Pakistan is a complicated place. The ISI (intelligence), the military, the civilian government, the legal system, the citizenry, oft compete rather than cooperate, and are hardly of one mind or one agenda. Pakistan has madrassas and Islamic fundamentalists. It also has a community of lawyers that put lives on the line in support of civil rights and civil law. Confusing one of these actors with the whole country the whole country is a capital mistake. It legitimizes the actors' role as patriotic defenders against the Great Satan, and robs of support, domestically and internationally, even denies the existence of, those we'd like to see in charge of the country. Not a good thing. A view of Pakistan as a monolith, rather than an uneasy mosaic, is wrong on the facts, contrary to American interests, and a self-fulfilling prophecy.

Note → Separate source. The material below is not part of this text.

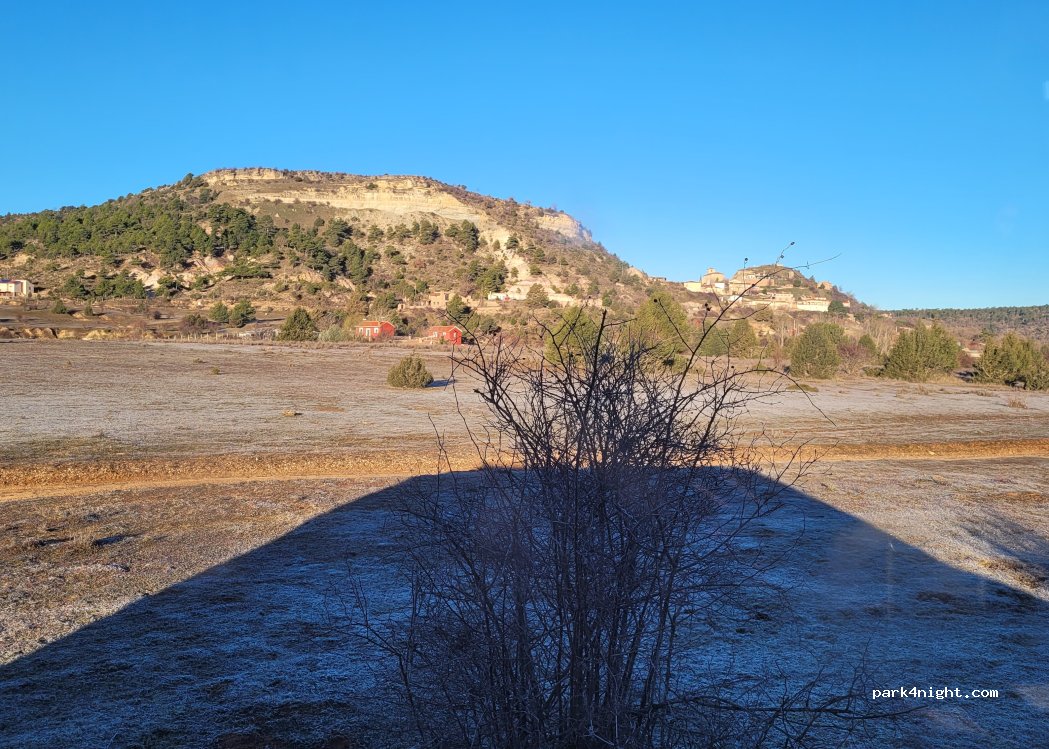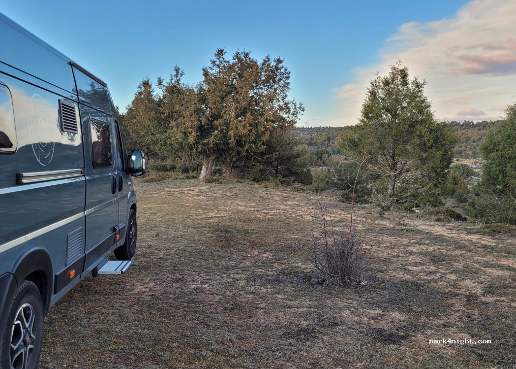 c'est un peu loin de Cuenca mais on est tranquille et suffisemment loin de la route. On a pris le chemin de terre à gauche et on s'est posé un peu plus loin pour ne pas être vu de la route. Terrain plat convenant pour tout type de véhicule. Attention à la route si vous venez de Cuenca car ville difficile à traverser avec gros véhicule. Emplacement parfait après les fortes chaleurs.

When he was campaigning, Obama said that were he convinced of the need, he'd send American troops on a mission into Pakistan without informing the Pakistani government, much less obtaining their permission. Americans, by and large, didn't notice. Pakistanis remember. (A friend who's been there often and has many friends there confirms that this is widespread, even amongst those with a charitable view of the West.)American national interests are enormously better served by a stable Pakistan than they would be by success in just about any unilateral action short of preventing a nuclear attack. Such an incursion would strengthen those opposed to American interests in the internal struggles of the country. The consequences would be anywhere from unpleasant to horrendous. The precedent of Nixon's 'secret' bombing of Cambodia comes to mind.
It's hard to think of a more consistently stupid, ignorant, counterproductive set of foreign policy choices we've made than with respect to Iran. We've oft viewed Iran, too, as far more monolithic than it is, as once we viewed the nominally unified Communist bloc. We'd better not make similar mistakes in Pakistan. I wish I were more sanguine about it. I'm not.